Causes of Alcoholism

OK, we need to move on to the causes of alcoholism now. You probably think that I've gone mad since the cause of alcoholism is alcohol. Unfortunately, it's not that simple. The cause of a building burning down may be a fire, but why it started is a whole different story. Just like a lot of things can cause a building to catch fire, so too can a lot of things lead to alcoholism. Let's examine some of them:

  • Genetics - Some people are literally born with genes predisposing them to alcoholism.
  • Family issues, including the loss of family ties or abuse by a family member, can cause alcoholism.
  • Personality disorders
  • Peer pressure
  • Cultural values can also lead to the same end result. For instance, some nations, cultures, and people consider it OK for children to drink a little alcohol, whereas others abhor such a notion.

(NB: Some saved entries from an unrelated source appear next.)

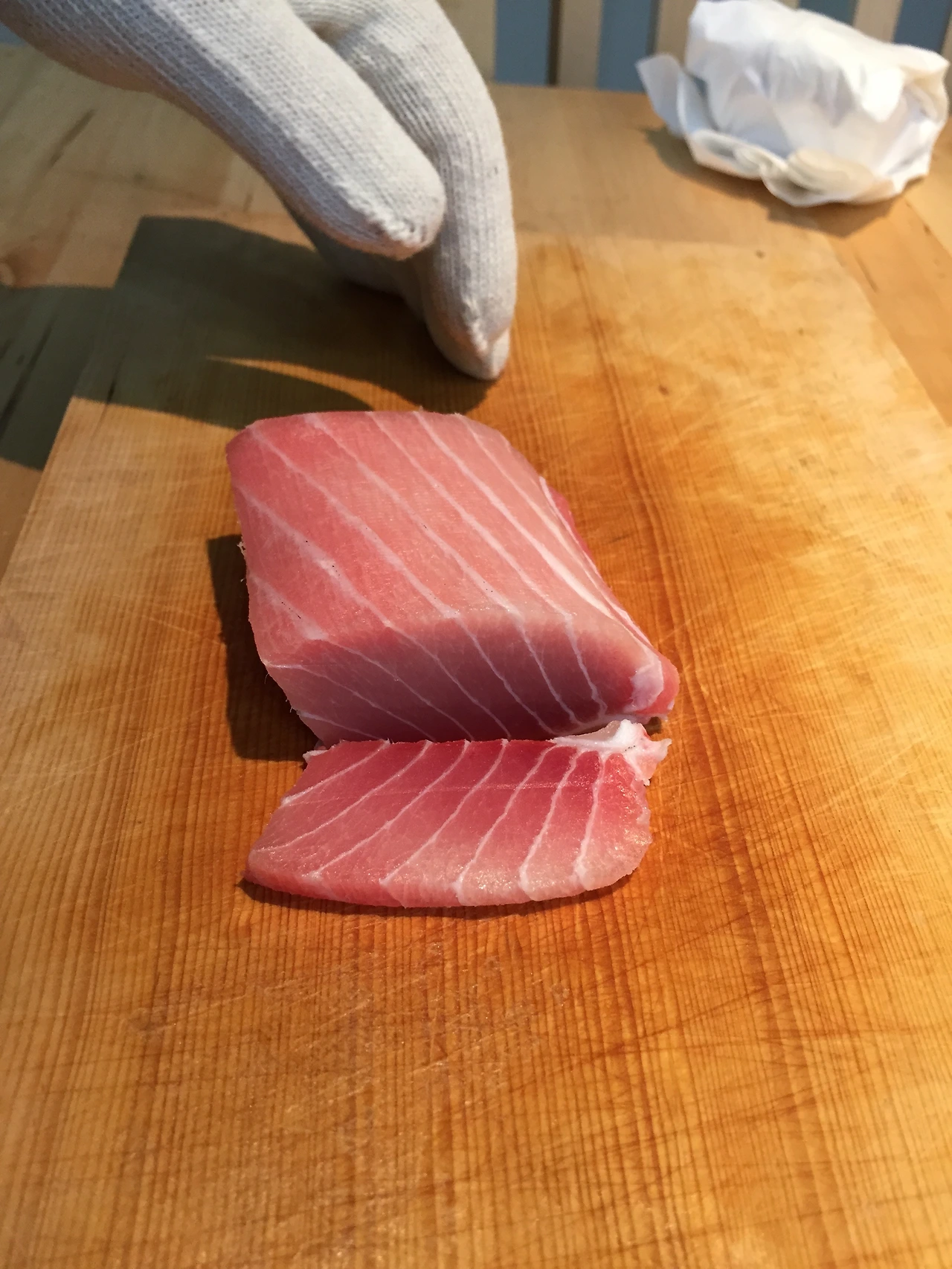 이 참치는 숙성을 6시간 거쳤다. 너무 얼어있지도 않고, 적당한 윤기를 보이는 이 정도 상태일 때가 가장 맛있다.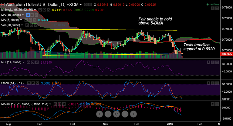 Recommendation: Watchout for break below 0.6920 to go short for 0.6855, stops then at 0.6965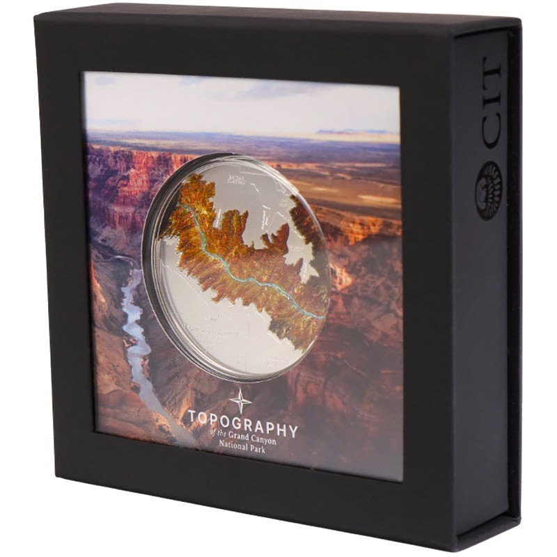 Серебряная монета Островов Кука "Топография: Гранд-Каньон" 2023 г.в., 155.5 г чистого серебра (Проба 9999)
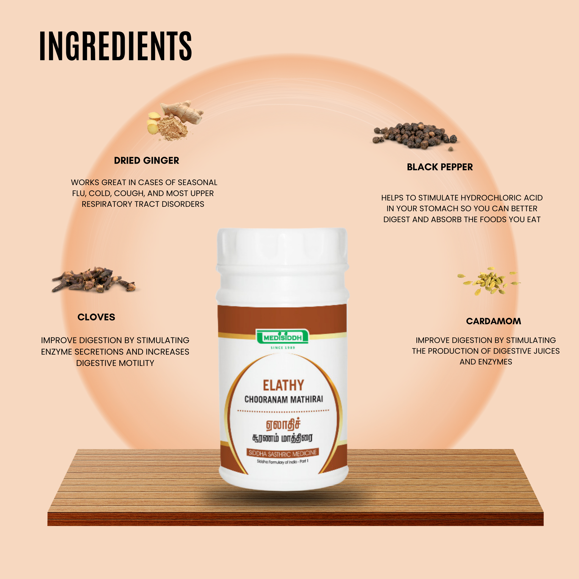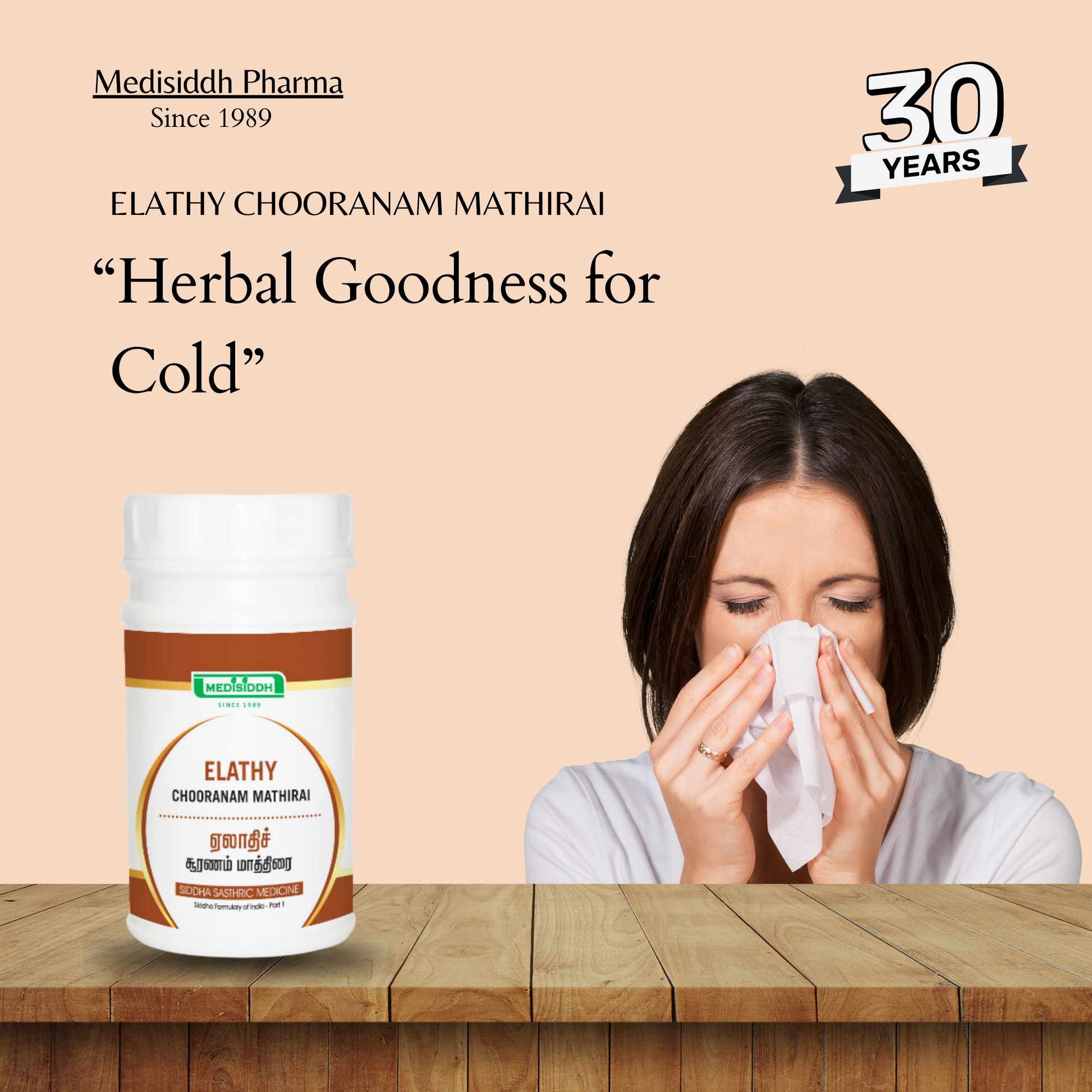 Elathy Chooranam Tablet is a Siddha medicine used to treat cough, cold, indigestion, skin issues, and urinary infections. It promotes clear, healthy skin and helps manage rashes, acne, pigmentation, and allergies.

Consequences of Alcoholism

A person who is an alcoholic will experience many signs and symptoms, including:

  • Drinking alone
  • Drinking even when their family, work, and body are being harmed
  • Aggression
  • Making excuses to drink
  • Eating far less than normal
  • The inability to get through the day without the use of alcohol
  • Memory lapses

But that's not all. People can also experience:

  • Psychiatric disorders, such as depression and schizophrenia
  • Cirrhosis, scarring of the liver, leading to serious liver dysfunction
  • Symptoms of withdrawal

Withdrawal symptoms are signs of physical dependence upon alcohol. What this means is that the body has adapted to this massive alcohol consumption. If the consumption suddenly stops, the body goes crazy trying to adapt to this new situation. Think about our dependence upon the Internet today. If all of sudden the you lost the Internet connection as you were working, you would go crazy! I know I would. Well, your body goes crazy when it loses its connection to alcohol that it has become so accustomed to.